The Metropolitan School District (MSD) of Wayne Township is located in the heart of Indiana. The district is home to 16,500 students, 2,500 employees and over 15,000 computers and devices. After experiencing four ransomware attacks in a few short years, Chief Technology Officer Pete Just knew it was time to take a new approach to educating his faculty and staff about the risks of phishing and malware. Pete made several changes to the district’s security strategy and enrolled their employees in Infosec IQ awareness training. Pete’s efforts have been successful — the district has remained ransomware free since deploying these changes in late 2017. Pete, a former teacher, uses Infosec IQ to deliver personalized security awareness training to employees who need it the most. We met with Pete to learn more about his approach and how he’s used Infosec IQ to keep his district’s data secure.
MSD of Wayne Township
Enhancing security through workforce education
Pete helped pioneer personalized learning at MSD of Wayne Township long before leveraging it in his security awareness training program. Using technology and data-driven insights, Pete and the MSD of Wayne Township boosted graduation rates by letting students choose education paths tailored to their needs and learning styles.

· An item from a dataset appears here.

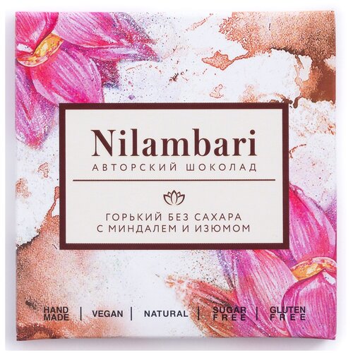 Шоколад Nilambari горький без сахара с миндалем и изюмом / GreenMania веганский, без лактозы, без глютена, постный, натуральный, 65 г

“There are two ways we like to think about personalized learning — one for students and one for staff,” said Pete. “We teach our faculty to personalize education through actionable classroom data.”
Pete follows this same approach when teaching staff how to identify phishing attacks. “Rather than hosting a meeting and making staff sit through a three-hour training, we tailor training to their own level of understanding. If we want to teach them something new, we first assess what they know. No one likes to sit in a room and listen to a talking head. And they don’t like getting trained on something they already know.”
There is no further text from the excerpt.